Il l'aimait boudeuse et affligée. Drôle et spontané. Fière et maladroite. Brillante et exaltée. Il l'aimait comme on aime les choses simples, les gens vrais, les moments doux, sans raison réelle, juste parce que c'est ainsi que ça doit être.

Plus Mia grandissait, plus il la perdait, et plus il la perdait, plus il l'aimait intensément.

Toutes ces étapes, il le savait, faisaient partie d'un plan plus vaste, plus grand, plus important. L'adolescente devait se conformer, s'oublier, se frotter à la vie cartésienne que sa famille avait décidée pour elle. Un jour, elle se perdrait, parce qu'il est nécessaire de se perdre pour se trouver, mais ce n'était pas le bon moment. Il viendrait. De ça non plus, Saku ne doutait pas. En attendant, il restait présent, fidèle, observateur, quand bien même la petite âme se noyait dans les méandes de son ego.

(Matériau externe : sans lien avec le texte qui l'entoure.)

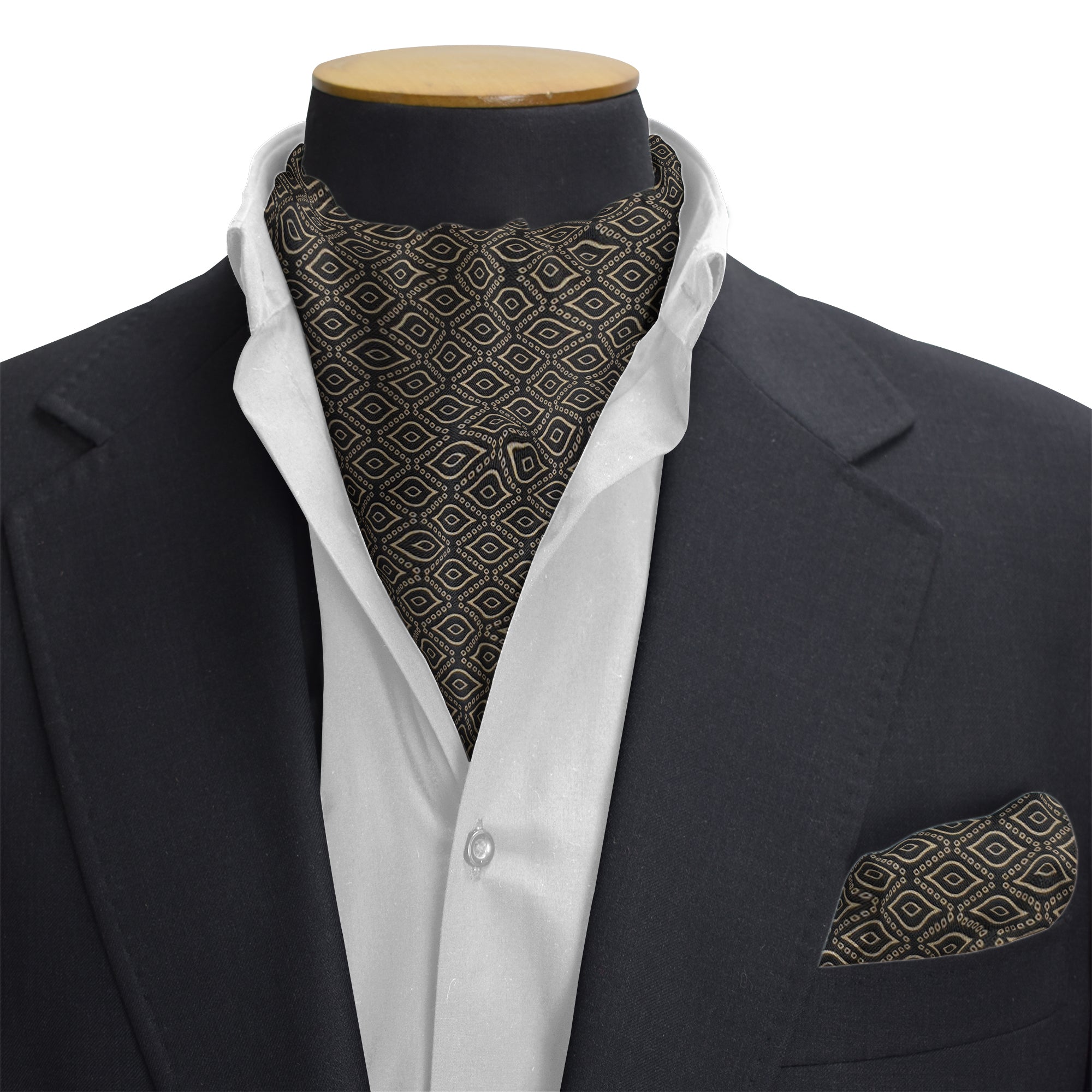 BLACK & GOLD DIAMOND PATTERN CRAVAT & POCKET SQUARE SET

Elle ne voyait plus les sourires dans les nuages.

Elle ne dansait plus sous la pluie en riant.

Elle ne restait plus des heures à rêvasser dans son lit.

Elle ne prêtait plus attention à tous ces petits signes qui, lorsqu'on est capable de les voir, indiquent le bon chemin.

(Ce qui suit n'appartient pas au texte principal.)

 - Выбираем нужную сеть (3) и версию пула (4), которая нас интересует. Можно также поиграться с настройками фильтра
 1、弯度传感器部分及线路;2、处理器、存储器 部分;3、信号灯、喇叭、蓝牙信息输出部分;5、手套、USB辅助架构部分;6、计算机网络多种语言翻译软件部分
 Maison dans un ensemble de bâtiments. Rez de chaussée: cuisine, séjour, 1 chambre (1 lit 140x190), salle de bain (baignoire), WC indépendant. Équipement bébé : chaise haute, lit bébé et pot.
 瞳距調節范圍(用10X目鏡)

En résumé, elle était devenue humaine, pleinement humaine, envahie de certitudes, poursuivant des projets futiles et s'attachant à des croyances erronnées.

Elle avait découvert l'attachement, la sexualité, et l'affection, sans en être totalement satisfaite. Elle cherchait le plaisir, s'enivrait de peaux, et se bercait dans les bras d'hommes de passage, s'offrant mais ne se donnant jamais, un goût d'inachevée dans la bouche.

Elle ne comprenait pas ces élans du coeur imparfaits, ces communions surjouées, ces émotions factices. Si elle y trouvait un réconfort certain, elle songeait bien souvent qu'elle ne faisait qu'approcher la véritable lumière que l'on est supposé ressentir lorsque deux êtres se touchent, cette extase du coeur et pas seulement du corps, que quelques livres relataient avec une précision nette.

Saku la voyait espérer, croire, donner, prendre, rire, pleurer, éprouvant à travers l'explosion de la sensibilité de Mia toute une panoplie d'émotions qui faisait le propre de l'homme.

La jeune femme s'était persuadée que ce monde était le sien sans parvenir totalement à s'y conforter. Cela créeait des dissonnances, parfois vivables, souvent inconfortables, qu'elle enterrait avec le reste, ses rêves, ses désirs, ses envies.

Un jour, cela la sauverait. Un jour, ces vagues de malaise qui l'assaillaient sans prévenir, au petit matin ou au creux de la nuit, lui donneraient l'élan de vivre complètement. Un jour, elle comprendrait que ce qu'elle avait accepté comme réalité n'était que le voile d'une illusion violente.

Fort de ces certitudes, Saku attendait, encore et encore, l'heure de retrouver cette âme qui lui appartenait.

La patience était un art qu'il avait eu tout le loisir de peaufiner.